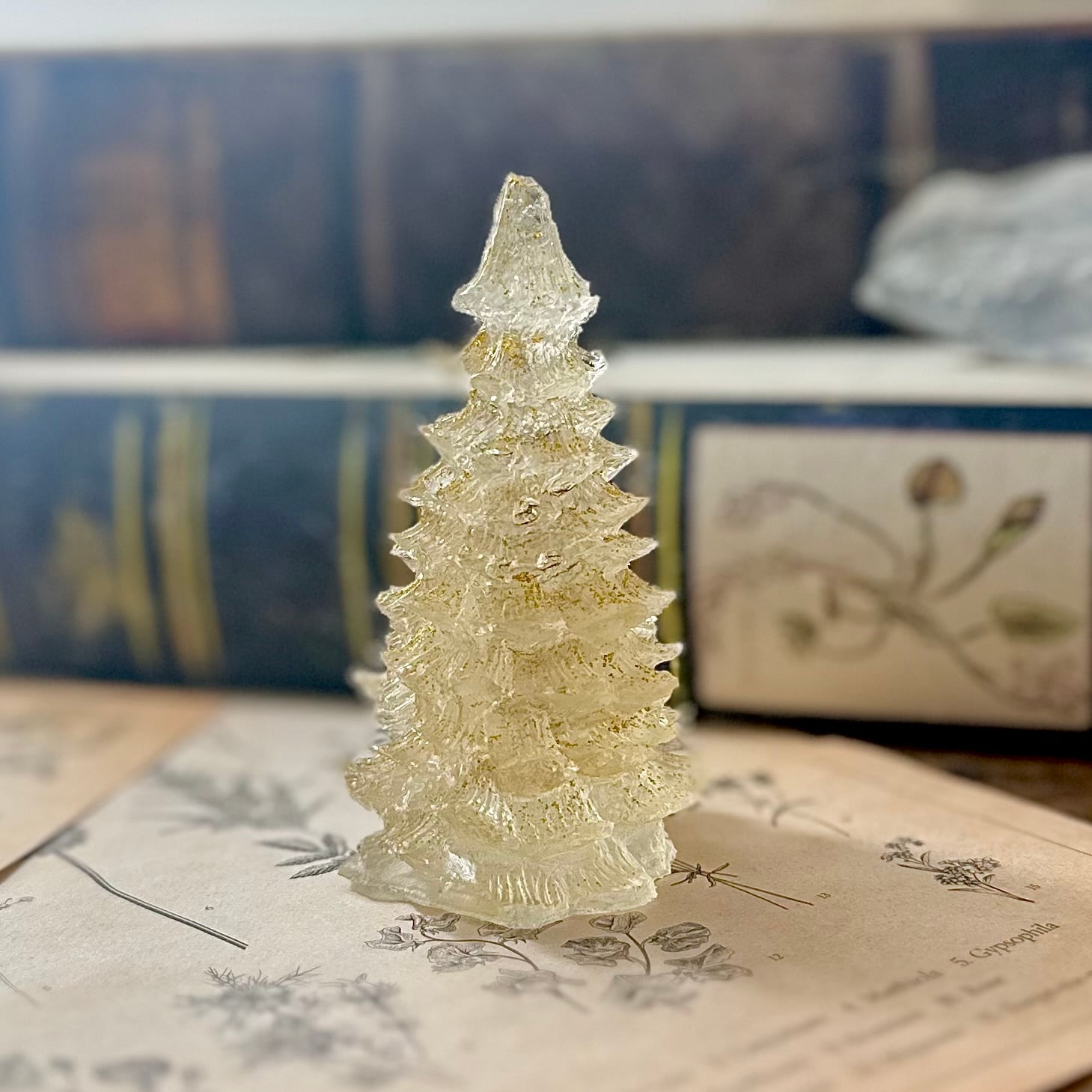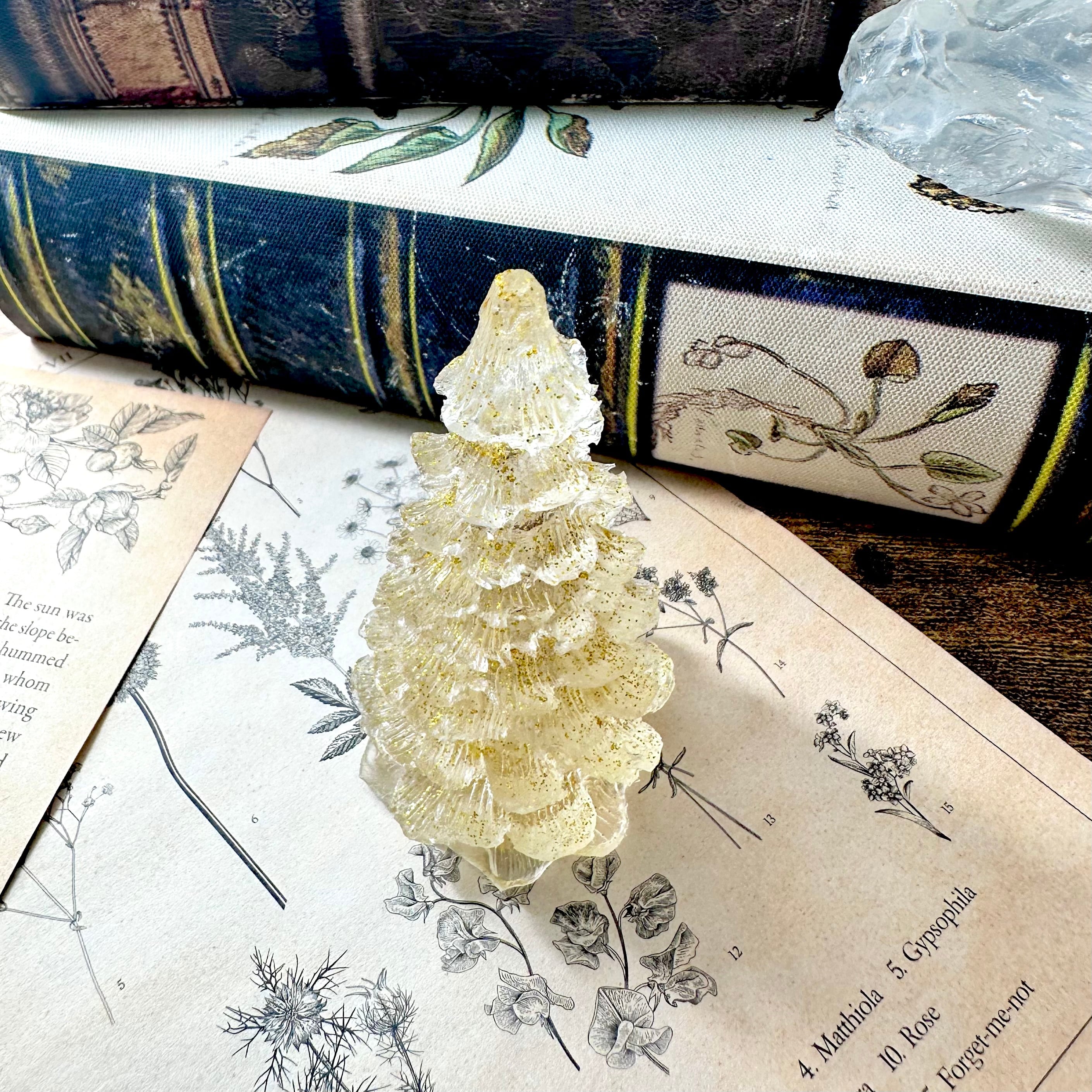 《ミニクリスマスツリー》水晶【もみの木】ゴールドラメ 一点物オルゴナイト・卓上・玄関インテリア~占いメッセージつき
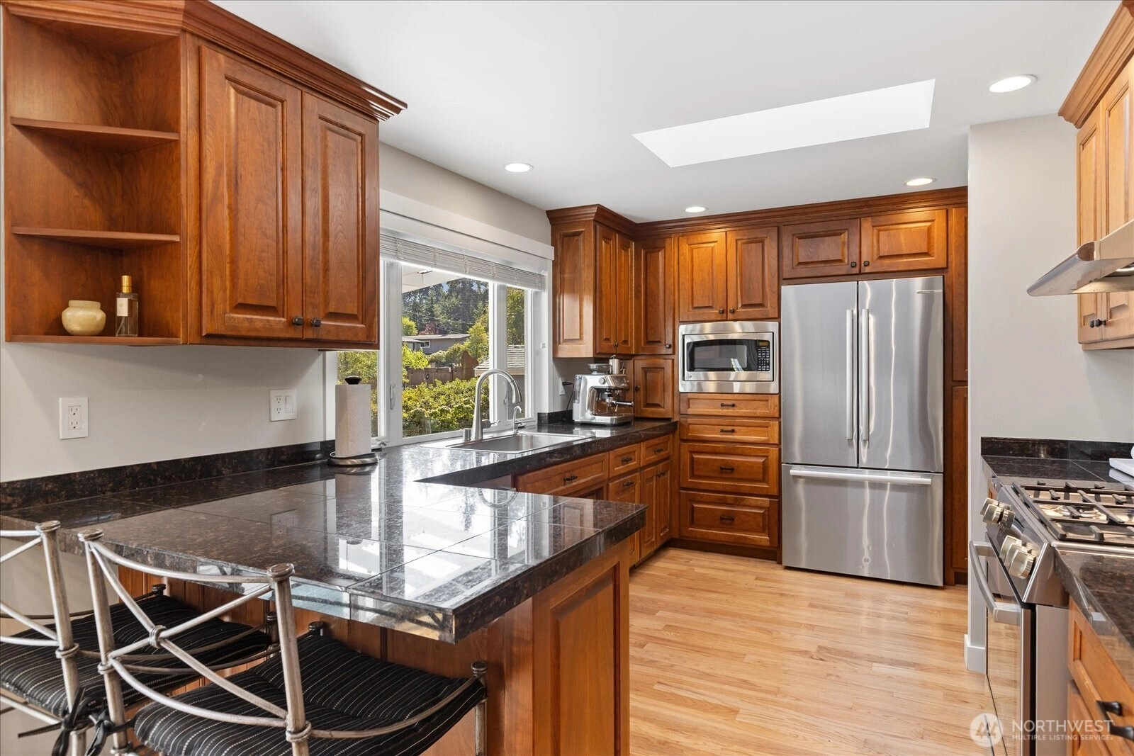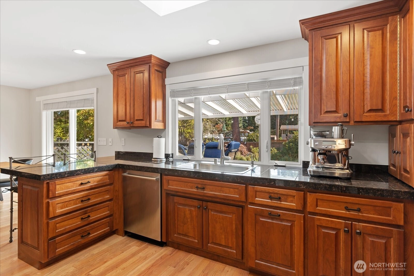 Perfectly located in a tidy & charming neighborhood just minutes to both Downtown Edmonds & Five Corners, this incredibly maintained tri-level is absolutely move-in ready. Thoughtful upgrades include new 200amp-240v electric service (2016); new roof, gutters, garage doors & exterior paint (2019); updated primary & guest bathrooms (2021); newer appliances throughout. Even the crawl space & garage have received attention with a new vapor barrier, insulation & an epoxy floor! Just prior to listing came a brand-new water heater & resurfaced asphalt driveway. Ask your agent for a full list of seller upgrades. The generous lot offers deck & patio spaces, a charming heated shed, a healthy (green!) lawn & garden spaces for both flowers & veggies!
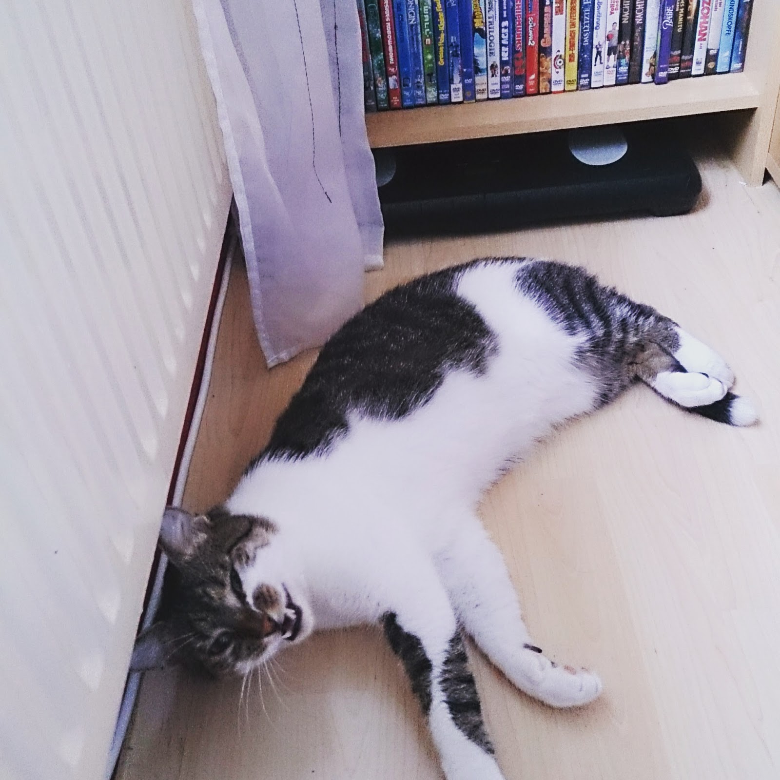 Er hat so schön geschlafen und dann hatte ich ausversehen ein geräusch gemacht und sein blick sah dann so aus. Unsere zwei Katzen sind immer so etwas verrückt. 🙂
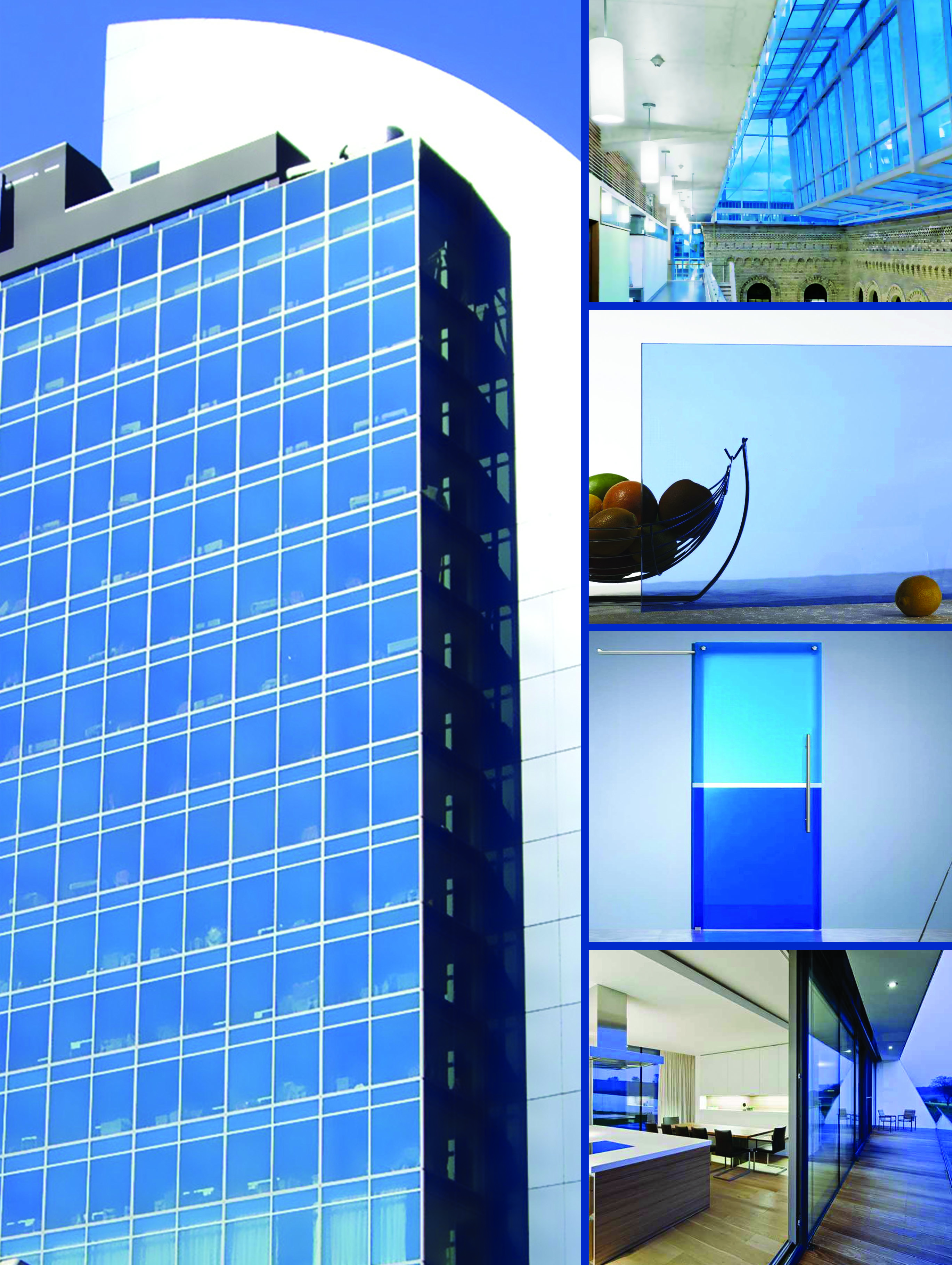 Ghani Blue Glass is primarily used in outdoor cladding, especially for a conservatory, and can also be used in furniture, interiors and decorative displays.
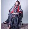 ملابس قطنية بلون ماهرون بتصميم جميل مطبوع عليها شيلة متناسقة مخيطة على الطراز الظفاري
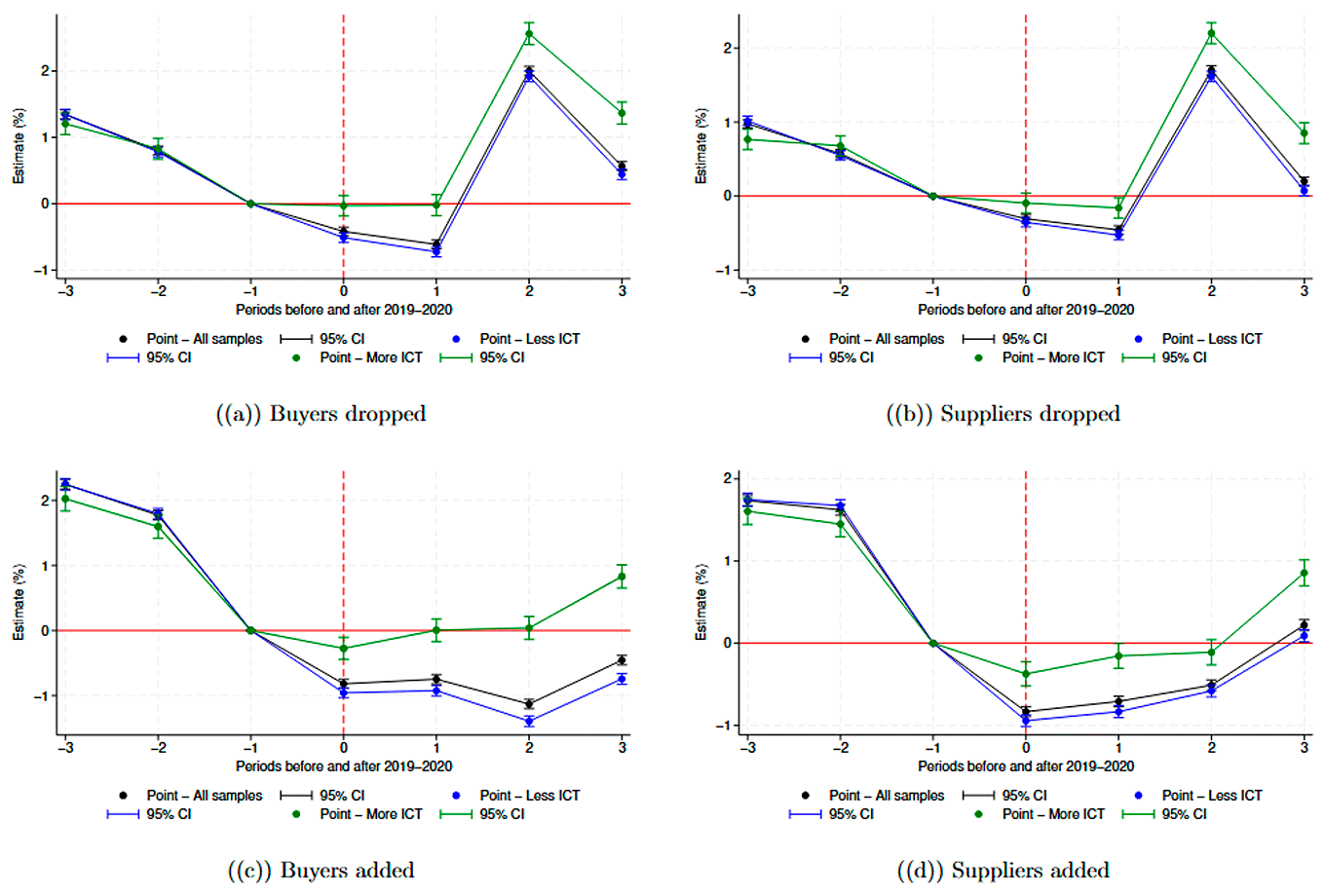 具体的には、パネル(c)と(d)では、ICTの活用度が低い産業の企業(青い線)のバイヤーリンクとサプライヤーリンクの創出が、パンデミック発生時にゼロベースラインを大幅に下回り、その後も低迷が続くという明確な乖離が見られる。対面でのやり取りに依存しているデジタル制約のある企業は、新しいパートナーを効果的に探すことができなかったと推測される。対照的に、ICTの活用度が高い産業の企業(緑の線)は顕著な回復力を示し、ベースライン付近または上回っている。さらに、このような産業では、企業はより遠方の企業と取引を開始したことが示された。ICTの活用度が高い産業の企業がデジタルツールを活用することで、遠隔地でのパートナー探しに伴う情報摩擦を軽減できると説明できる。

##############################

§ **Exercise objective**
With pictures omitted, restate exactly every line from the one containing "Ghani Blue Glass" through the last line of the material, inclusive.

§ **Result below**
 Ghani Blue Glass is primarily used in outdoor cladding, especially for a conservatory, and can also be used in furniture, interiors and decorative displays.
 ملابس قطنية بلون ماهرون بتصميم جميل مطبوع عليها شيلة متناسقة مخيطة على الطراز الظفاري
 具体的には、パネル(c)と(d)では、ICTの活用度が低い産業の企業(青い線)のバイヤーリンクとサプライヤーリンクの創出が、パンデミック発生時にゼロベースラインを大幅に下回り、その後も低迷が続くという明確な乖離が見られる。対面でのやり取りに依存しているデジタル制約のある企業は、新しいパートナーを効果的に探すことができなかったと推測される。対照的に、ICTの活用度が高い産業の企業(緑の線)は顕著な回復力を示し、ベースライン付近または上回っている。さらに、このような産業では、企業はより遠方の企業と取引を開始したことが示された。ICTの活用度が高い産業の企業がデジタルツールを活用することで、遠隔地でのパートナー探しに伴う情報摩擦を軽減できると説明できる。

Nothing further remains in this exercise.